▶ _RECORDS SHOWN_
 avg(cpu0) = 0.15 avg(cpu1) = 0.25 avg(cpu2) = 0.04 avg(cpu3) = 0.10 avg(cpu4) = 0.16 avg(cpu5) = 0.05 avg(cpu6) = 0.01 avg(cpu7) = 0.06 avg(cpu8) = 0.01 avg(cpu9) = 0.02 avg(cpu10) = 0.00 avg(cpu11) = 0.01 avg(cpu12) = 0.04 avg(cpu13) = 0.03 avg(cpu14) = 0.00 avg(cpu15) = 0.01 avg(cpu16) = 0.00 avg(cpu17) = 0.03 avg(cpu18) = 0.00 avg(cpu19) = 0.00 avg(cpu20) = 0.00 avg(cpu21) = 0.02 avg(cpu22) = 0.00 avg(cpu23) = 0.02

---

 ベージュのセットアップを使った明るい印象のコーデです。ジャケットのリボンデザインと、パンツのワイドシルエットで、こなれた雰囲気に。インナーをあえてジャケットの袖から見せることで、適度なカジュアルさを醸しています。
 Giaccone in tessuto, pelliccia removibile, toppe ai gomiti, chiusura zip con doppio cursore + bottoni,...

▶ _EXERCISE DETAILS_
Would you please copy, word for word, everything above from the line containing "ベージュのセットアップを使っ" down to the line containing "Giaccone in tessuto, pelliccia", those two lines included?

▶ _WRITTEN ANSWER_
 ベージュのセットアップを使った明るい印象のコーデです。ジャケットのリボンデザインと、パンツのワイドシルエットで、こなれた雰囲気に。インナーをあえてジャケットの袖から見せることで、適度なカジュアルさを醸しています。
 Giaccone in tessuto, pelliccia removibile, toppe ai gomiti, chiusura zip con doppio cursore + bottoni,...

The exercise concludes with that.